I think the following solution will work out in everyone's interest!
1. Solagran strikes a deal to buy all SLA (56111895) and SLACF (10132865) from ANZ say at average of 0.25c for SLA and 0.20c for SLACF. Given the number of shares, this will be a sensible deal both for Solagran and ANZ.
2. Solagran keep these shares as treasury stock (as NZO has done for 10% of their stock). Solagran is still takeover proof with this treasury stock.
3. Solagran need approx $16 to $17 Million to buy this parcel from ANZ. We should have around ($7 million cash after options are excercised later this month - $5 M from options and $2 M from Contributing just collected in Feb). The rest of cash can be raised by selling Ropren in advance at a discount for first three months supply.
4. Solagran calls an EGM and decides to allocate the shares back to the Solamind shareholdings in their proportion (in return they agree to remain with Solagran research team). This can be allocated over say 5 years with stiff shareprice hurdles.

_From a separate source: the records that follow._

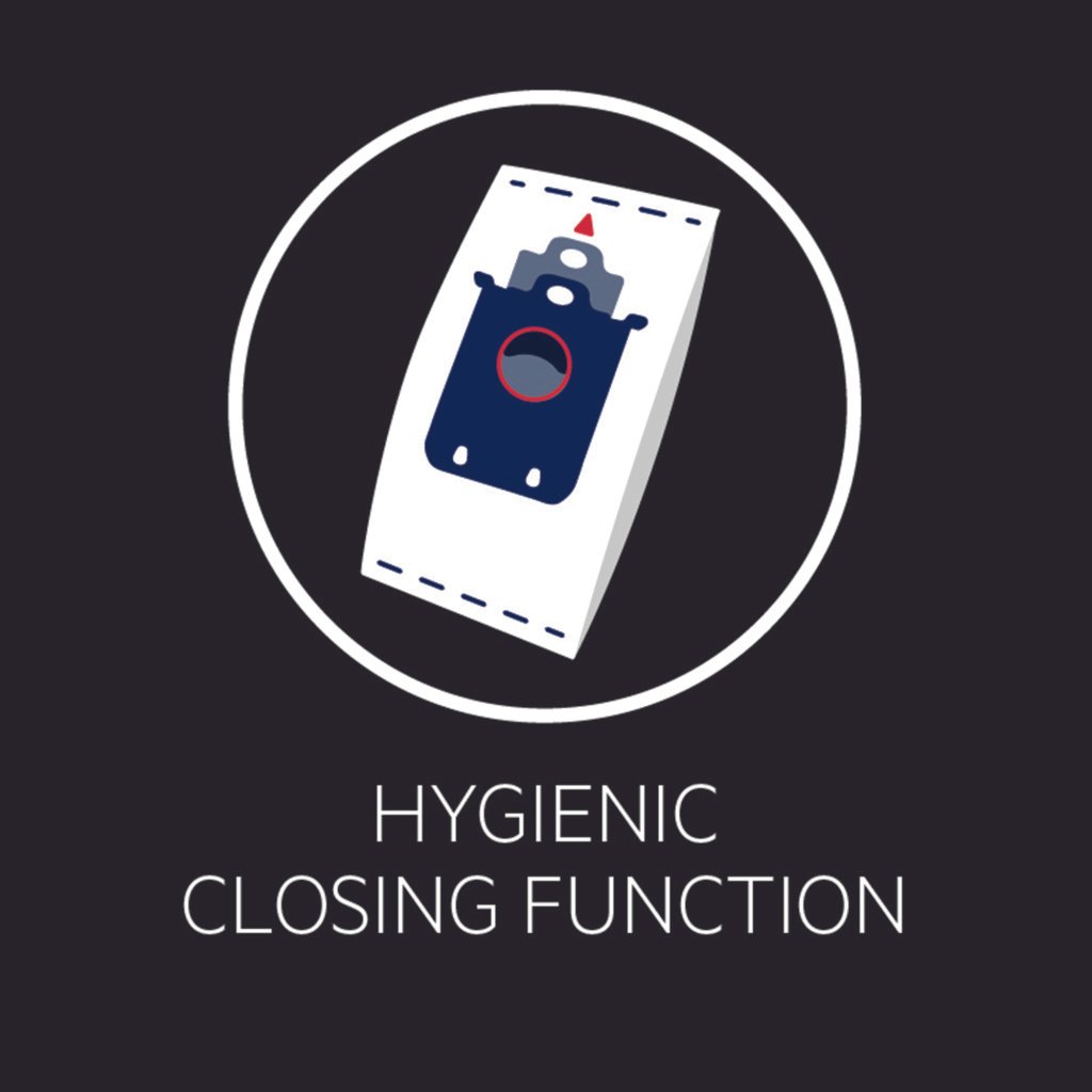 • De hygiënische sluiting sluit automatisch en zorgt ervoor dat er geen resten uitvallen wanneer de zak verwijderd wordt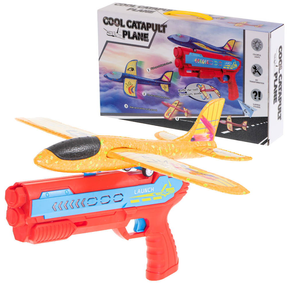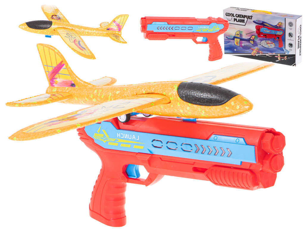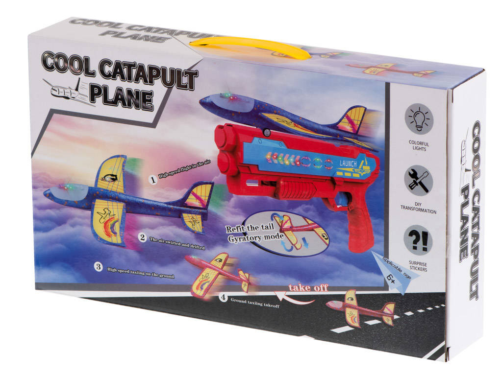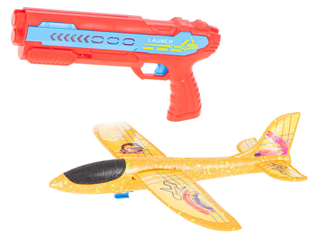 W zestawie jest jeden pistolet - wyrzutnia oraz jeden samolocik. Maszyna lotnicza jest wykonana ze styropianu, specjalnie, aby była jak najlżejsza i osiągi jak najlepsze. Samolot należy samodzielnie skompletować. Do kadłuba zamontować zestaw skrzydeł i wykorzystać zestaw naklejek dostępnych w komplecie. Da to na pewno poczucie jeszcze większej satysfakcji w późniejszych lotach.Nie wolno zapomnieć o zaznaczaniu miejsc lądowań samolotu, tak aby widzieć swoje wyniki i postępy w wystrzeliwaniu, ale również, aby rywalizacja z rówieśnikami była jeszcze bardziej emocjonująca. W estetycznym opakowaniu znajdują się: kadłub samolotu, skrzydła i zestaw naklejek, oraz oczywiście pistolet wyrzutnia.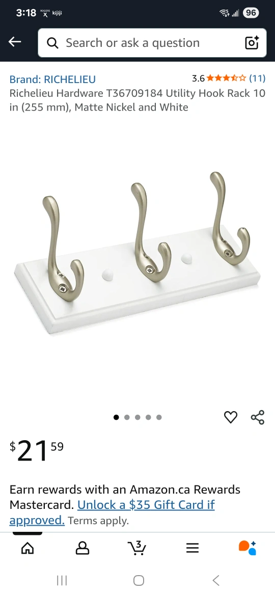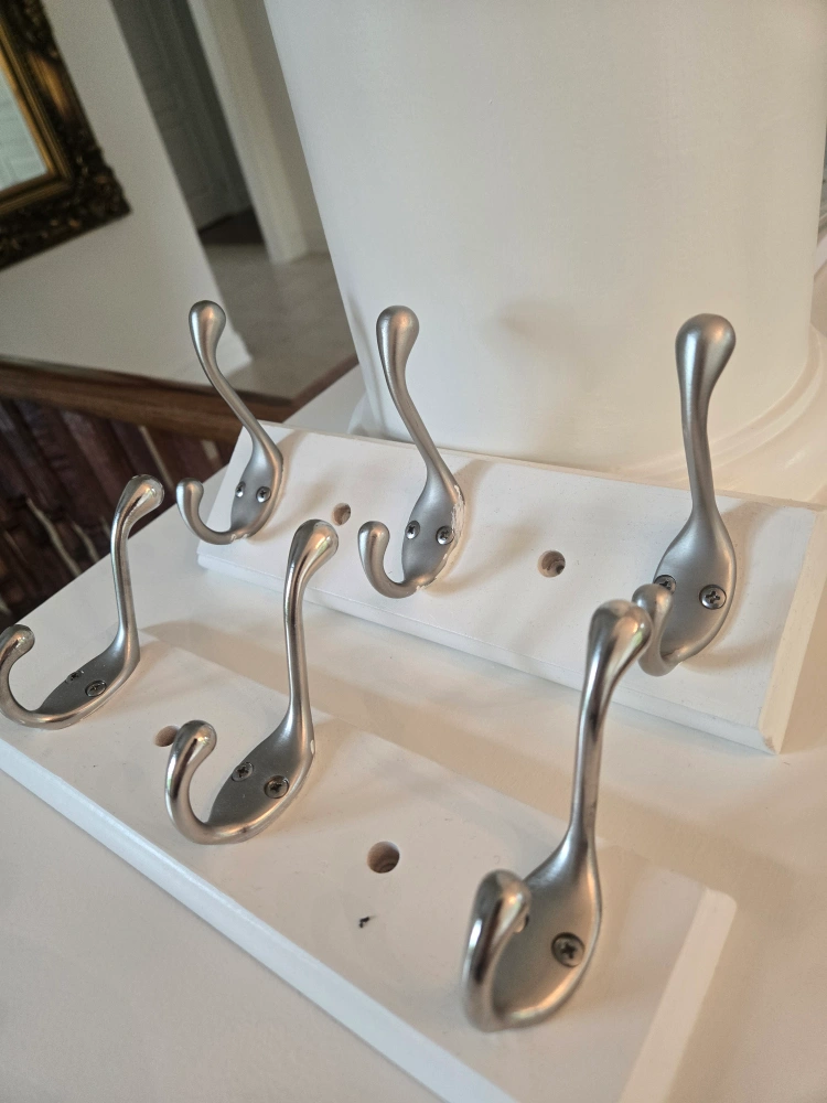 Selling a Richelieu utility hook rack in matte nickel and white. It's a great addition to any home! The rack is 10 inches (255 mm) in length and features a sleek design. Retail price: $21.59 2 Racks each $14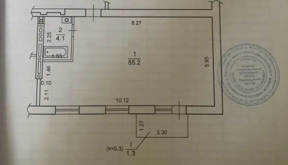 Можливе планування ( кухня-вітальня, дві окремі кімнати) .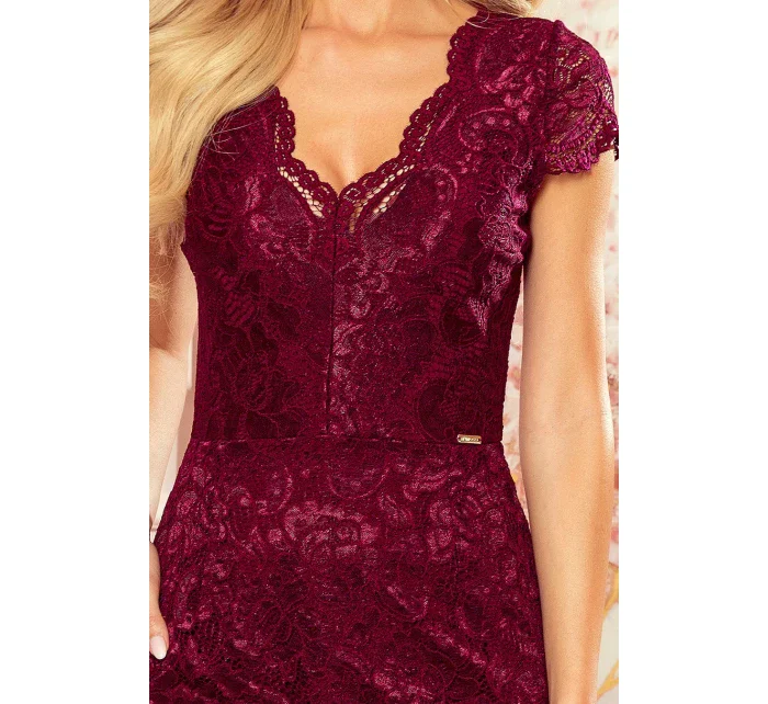 Krajkové dámské šaty ve švestkové barvě a krákými rukávy a dekoltem 316-7

5. Solgarn distributes around 80% profit in dividends for first 5 years. This will ensure that other shareholders get more propotionate of divi while Solamind shareholders miss quite a bit (first year they will have only 20% shares etc). So we get extra rewards while they also get shafted for divi.
6. The company only returns the shares as per their holding. The excess can be still retained by company treasury or cancelled out (resulting in approx 10% reduction in shares issued). Again the shareholders will benefit.
Any thoughts on this scenario!
This way everyone wins. The company is protected from takeover, no share hangover and if company meets strict hurdles, we as well as Solamind win.
If Solagran buys shares, this will still allow Solamind to have the right to sue ANZ (if so desired by them).